Look through the material below. Copy every line with the string "源氏物語" in it.

Start of Data provided

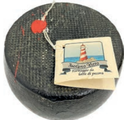
PES610 PECORINO QUERCUS (120 GG)
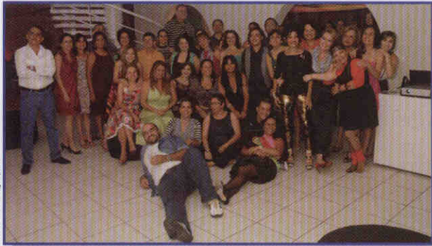
Turma: A foto histórica dos servidores

FESTA - Servidores efetivos do TRE-PE, que ingressaram nos concursos públicos realizados em 1984 e 1989, fizeram uma noite dançante, no último dia 22 de outubro, em comemoração às duas décadas de serviços prestados.
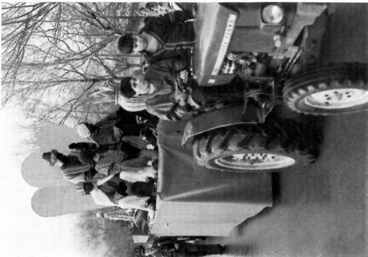
Cavalcada de Reis
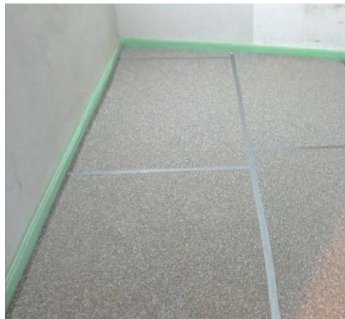
Abbildung A 2.1: Montagesituation mit Trittschalldämmmatten und Randdämmstreifen, Stöße mit Klebeband
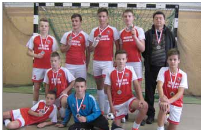
Drużyna rejonu wileńskiego składała się z piłkarzy z Rudomina, Niemieža, Niemenczyna, Mariampola i Kowalczuk
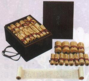
「源氏物語」袖珍本（早稲田大学図書館蔵）

千年以上も前に書かれた『源氏物語』には、雅やかな文化を背景に、四季の美しさや、恋に生きる男女の心や「あはれ」の情趣が、豊かな筆致で綴られています。源氏物語からインスピレーションを受け、今も新たな作品が生まれ出されるなど、脈々と受け継がれる源氏物語のDNAを、和歌を中心に、各帖の魅力をもとに、錦絵などをまじえてご紹介します。
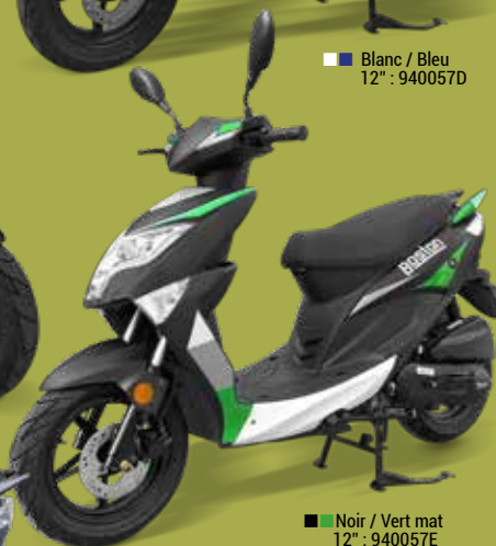
■ Noir / Vert mat 12" : 940057E

End of Data provided

__Problem solution__
「源氏物語」袖珍本（早稲田大学図書館蔵）
千年以上も前に書かれた『源氏物語』には、雅やかな文化を背景に、四季の美しさや、恋に生きる男女の心や「あはれ」の情趣が、豊かな筆致で綴られています。源氏物語からインスピレーションを受け、今も新たな作品が生まれ出されるなど、脈々と受け継がれる源氏物語のDNAを、和歌を中心に、各帖の魅力をもとに、錦絵などをまじえてご紹介します。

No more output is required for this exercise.